There is a sense then that opinions mattered. Politics was far less guttery and personal and the stakes in political disagreements were high.


It was amidst this constellation of circumstances that groups such as Universiti Terbuka Anak Muda, Undi Malaysia, Buku Jalanan, Diskopi, Sekolah Falsafah and Lepak Maqasid, among countless others, grew in appeal and audience. BERSIH and practical politics were not always their immediate interests, and some are no longer active today, but their events did resonate with the heightened political enthusiasm at the time.


These, moreover, began as mostly self-funded and self-driven youth-led initiatives. Even Teach for the Needs, which now offers free tuition to underprivileged children, began in 2012 with forums about education as democratic empowerment. A flagship event during their early days featured a weekend-long close reading of Paolo Freire’s Pedagogy of the Oppressed.

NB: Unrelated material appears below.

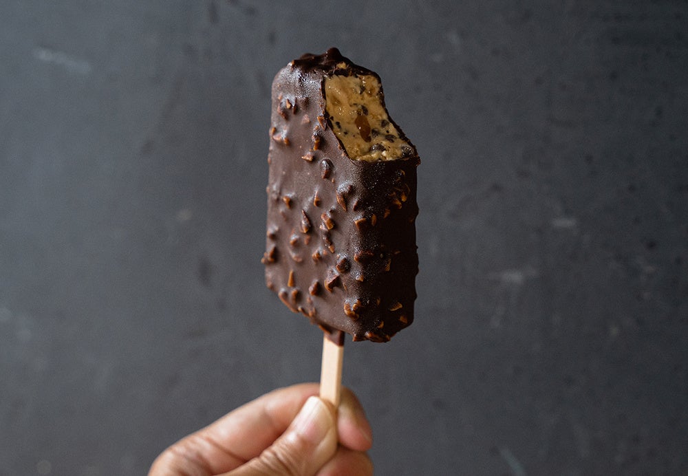 チョコレート好きにはたまらない「N.Y.リッチスカッチサンド&Wチョコレート」をバータイプのアイスに仕立てました。アーモンドスカッチ風アイスに4種類の具材と、2種類のチョコで「N.Y.リッチスカッチサンド&Wチョコレート」の世界観を表現。

Needless to say, Projek Dialog too grew through this wave of confidence in open democratic discourse.


Normalizing protest


It is also credit to Bersih’s impact that that the government has since backtracked to take a more tolerant stance towards protests. It was no longer illegal by 2015 for Bersih 4.0.


The ultimate moment of validation perhaps was Bersih 5.0 in 2016 when Mahathir Mohamed himself joined the crowd, yellow shirt and cap glaring under the stark afternoon sun, immediately after returning from overseas. Granted, the protest had already lost its transgressive aura by then but this was a milestone given his longstanding position that demonstrations are against Malaysian culture.

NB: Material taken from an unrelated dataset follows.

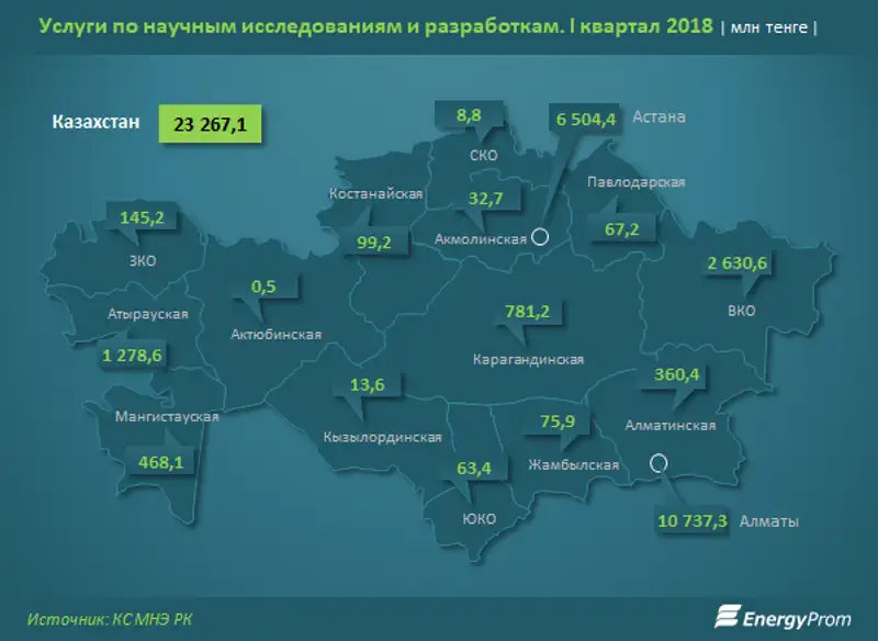 Основные научные центры страны - столицы: здесь сконцентрировано три четверти всех услуг НИОКР по РК, 10,7 млрд тг, почти вдвое больше, чем годом ранее - в Алматы, и 6,5 млрд тг, на четверть больше, чем год назад - в Астане.

It is also noteworthy that many protest icons from that time are now in government. Maria Chin Abdullah, Muhammad Sabu and Latheefa Koya are obvious examples. But others like Syed Saddiq, Edry Faizal, Ong Kian Ming and Mazslee Malik also began their journeys as activists who emerged out of those activated years.


Perhaps the most valuable gain is that the issues that were championed in 2011 have become mainstream. Today freedom of expression, the flaws in the justice system, the right to different opinions, are even evoked by conservative Malay rights groups.


This was unthinkable in 2011-2013 when even the term “NGO” was used by the state run media at the time as a pejorative, when questions on whether human rights is Western or Alien to Islam filled op-eds of the major dailies and packed forums.